The system prompt is also retained in the chat history, and can be accessed by specifying chat$get_turns(include_system_prompt = TRUE). The list object now has the system prompt as the first object, meaning that your prompts are now every even-numbered object, and the system responses are every odd-numbered object, started at 3.

Code
chat <- chat_anthropic("You respond only with the 5 most important sentences about a topic.")
chat$chat("Give me a summary of the history of educational measurement.")
chat$chat("Give me a summary of educational measurement breakthroughs since 2000.")

ed_meas_chat_wsp <- chat$get_turns(include_system_prompt = TRUE)
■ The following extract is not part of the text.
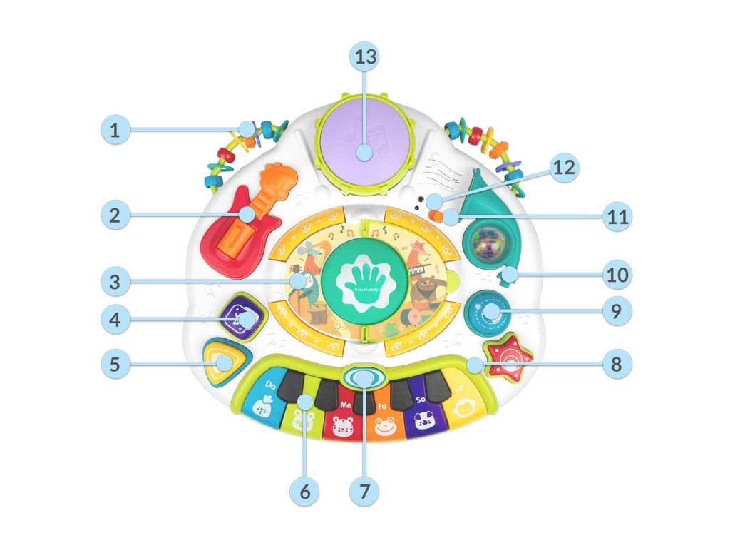 4. Bluetooth gomb - tartsa lenyomva 3 másodpercig a Bluetooth aktiválásához (eszköz neve: Kids Melody),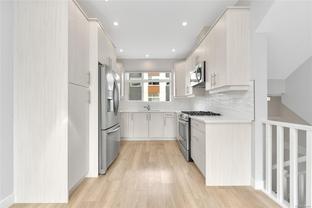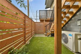 Welcome to The Slopes! Discover the perfect blend of style, comfort, and versatility in this beautifully designed 3-bedroom townhome in Happy Valley, where modern finishes and thoughtful upgrades create a truly elevated living experience. With 9’ ceilings on the main level, oversized windows, and an open-concept layout, the space feels bright and inviting, complemented by wide plank flooring and a sleek electric fireplace. EV charger installed in garage, heat pump, and on-demand hot water ensure comfort and efficiency! The chef-inspired kitchen boasts quartz countertops, tile backsplash, under-cabinet lighting, and stainless steel appliances. The south facing deck has steps down to a fully fenced yard with low maintenance turf. Upstairs is the vaulted-ceiling primary bedroom complete with a spa-like ensuite with floating vanity and motion lighting, additional bedroom, the washer/dryer and 3-piece washroom. The downstairs bedroom adds flexibility with direct access to the backyard!Welcome to The Slopes, a dynamic and friendly community of only 16 townhouses! The modern and stylish 2 bedroom + den home was designed with an open floorplan, high 9‘ ceilings and large windows in its living area, allowing natural light to flood into this bright and inviting space. For those cold days make yourself cozy with the modern 50” electric fireplace in the living room. The kitchen offers lots of storage cabinets, quartz counters, tile backsplash, undercabinet lighting & stainless steel appliances. The master bedroom upstairs boasts a stunning vaulted ceiling and a 4-piece ensuite bathroom with a floating vanity with motion lights below. The owners selected upgraded applinces and had the developer install: dimmable pot lights all over the house, an EV charger and a heat pump… perfect for the summer hot days! The south facing backyard offers a sunny deck and a fenced patio ideal to enjoy the warm summer evenings.

save(ed_meas_chat_wsp, file = "./data/ed_meas_chat_wsp.Rdata")
Code
load("data/ed_meas_chat_wsp.Rdata")
ed_meas_chat_wsp[1]
[[1]]
<Turn: system>
You respond only with the 5 most important sentences about a topic.
Code
ed_meas_chat_wsp[2]
[[1]]
<Turn: user>
Give me a summary of the history of educational measurement.
Code
ed_meas_chat_wsp[3]
[[1]]
<Turn: assistant>
Educational measurement began in ancient China around 2200 BCE with civil service examinations, but modern scientific approaches emerged in the late 19th century when psychologists like Francis Galton and James McKeen Cattell developed the first standardized mental tests. Alfred Binet's 1905 intelligence test marked a crucial breakthrough by focusing on complex mental processes rather than simple sensory tasks, leading to the widespread adoption of IQ testing in schools. The early-to-mid 20th century saw the rise of large-scale standardized testing, including college entrance exams and military aptitude tests during World War I, establishing psychometrics as a formal scientific discipline. The latter half of the 20th century introduced more sophisticated statistical methods like Item Response Theory and criterion-referenced testing, moving beyond simple norm-referenced comparisons to focus on specific learning objectives. Today's educational measurement continues to evolve with computer-adaptive testing, authentic assessment methods, and ongoing debates about standardized testing's role in education policy and student evaluation.
Code
ed_meas_chat_wsp[4]
[[1]]
<Turn: user>
Give me a summary of educational measurement breakthroughs since 2000.
Code
ed_meas_chat_wsp[5]
[[1]]
<Turn: assistant>
Computer-adaptive testing (CAT) became widespread in the 2000s, allowing tests to adjust question difficulty in real-time based on student responses, making assessments more efficient and precise while reducing testing time. Item Response Theory (IRT) advanced significantly with new models and computational power, enabling more sophisticated analysis of test items and better measurement of student abilities across different populations and contexts. The integration of artificial intelligence and machine learning revolutionized automated scoring systems, particularly for constructed-response items and essays, making large-scale assessment of complex skills more feasible and cost-effective. Digital portfolios and performance-based assessments gained prominence as technology enabled the collection and analysis of authentic student work, providing richer evidence of learning beyond traditional multiple-choice formats. Learning analytics emerged as a powerful new field, leveraging big data from educational technologies to provide continuous, formative assessment information and personalized learning insights rather than relying solely on summative testing.